Write the full listing out again, word for word, but omit the pictures.

» DATASET EXCERPT:
________
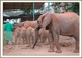 Soon it was time for the Keeper Dependent group, led by Loijuk, to go into their Stockades for the night. Kilaguni, Sabachi and Chaimu were put in one with Meibai and weak Sian, but Dame Daphne asked that Loijuk be with them, since she suspected that Meibai might be a little jealous, having been the smallest and as such having enjoyed the undivided attention and adoration of all the Ithumba elephants, Now, confronted by three even smaller, and having witnessed the enthusiasm with which they were greeted, sure enough Meibai was a little pushy, trying to mount onto Kilaguni, with Loijuk too kind to discipline him properly, so he was moved next door, in with Makena, Kora, and Zurura. Keeper Mischak remained with the Nursery newcomers for a long time to settle Kilaguni, who was crying a lot and who, according to Mischak, was missing his Nursery blanket! But Loijuk comforted him, as did weak and ailing Sian and soon all three newcomers were happily feasting on the greens provided for them.
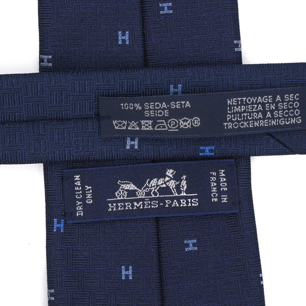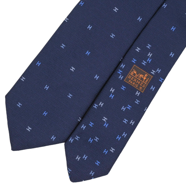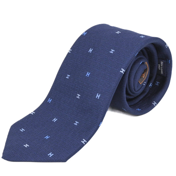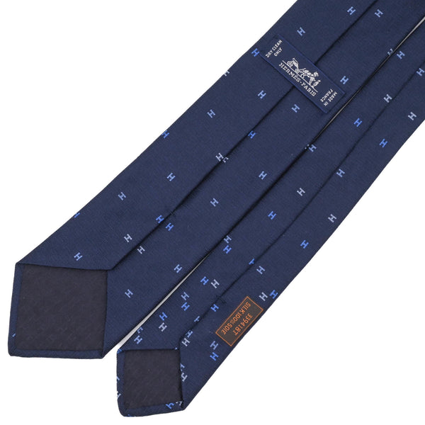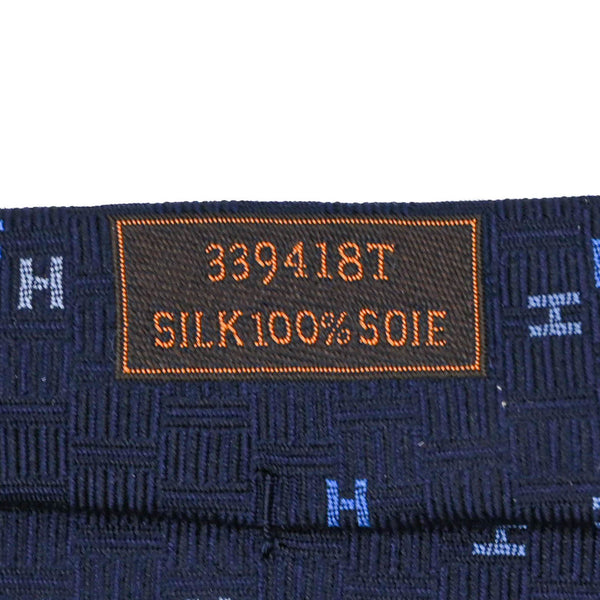 HERMES H Tie, Navy Blue, 100% Silk, Men\'s
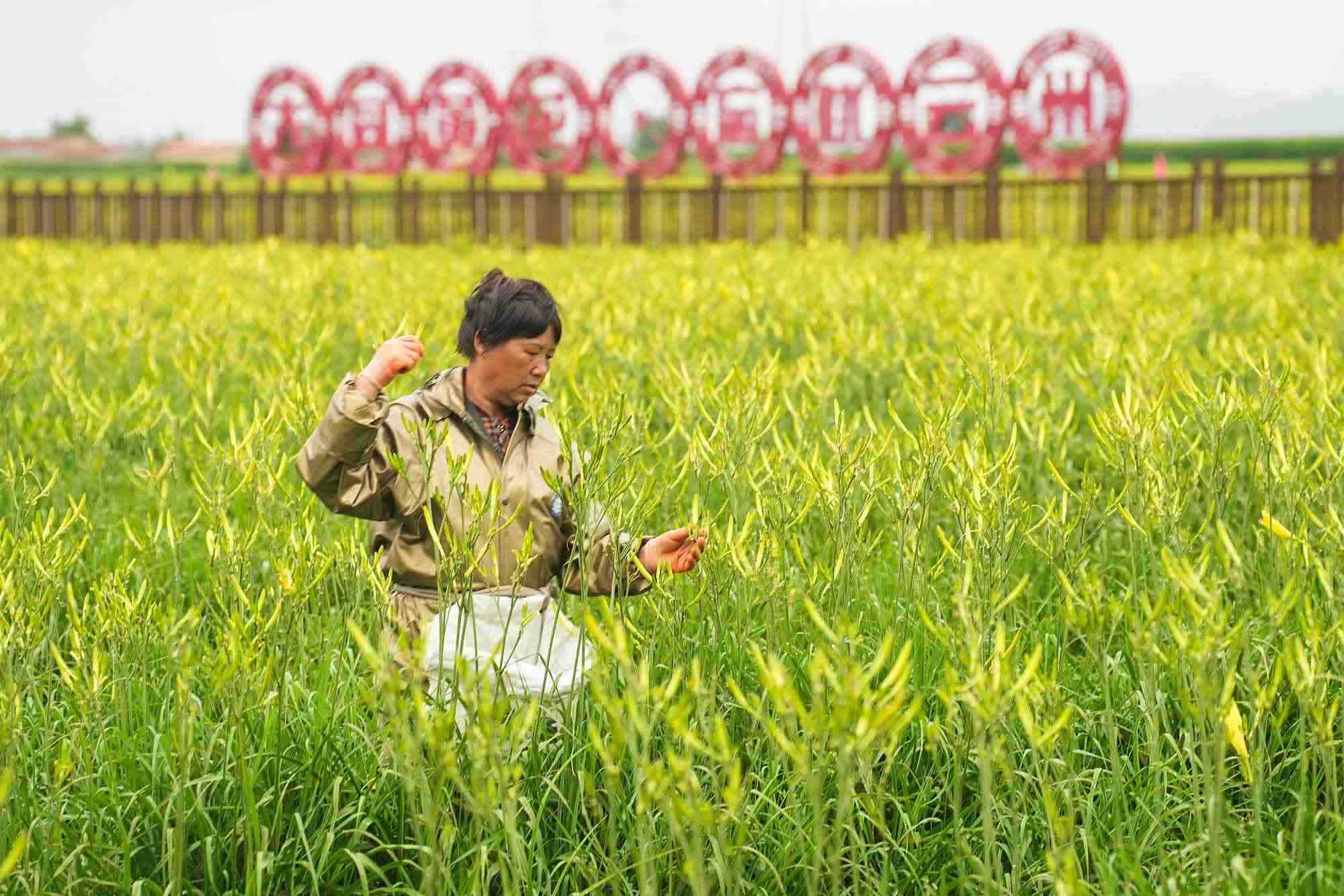 (山西大同,農(nóng)民采摘黃花)
________
» TASK SOLUTION:
 Soon it was time for the Keeper Dependent group, led by Loijuk, to go into their Stockades for the night. Kilaguni, Sabachi and Chaimu were put in one with Meibai and weak Sian, but Dame Daphne asked that Loijuk be with them, since she suspected that Meibai might be a little jealous, having been the smallest and as such having enjoyed the undivided attention and adoration of all the Ithumba elephants, Now, confronted by three even smaller, and having witnessed the enthusiasm with which they were greeted, sure enough Meibai was a little pushy, trying to mount onto Kilaguni, with Loijuk too kind to discipline him properly, so he was moved next door, in with Makena, Kora, and Zurura. Keeper Mischak remained with the Nursery newcomers for a long time to settle Kilaguni, who was crying a lot and who, according to Mischak, was missing his Nursery blanket! But Loijuk comforted him, as did weak and ailing Sian and soon all three newcomers were happily feasting on the greens provided for them.
 HERMES H Tie, Navy Blue, 100% Silk, Men\'s
 (山西大同,農(nóng)民采摘黃花)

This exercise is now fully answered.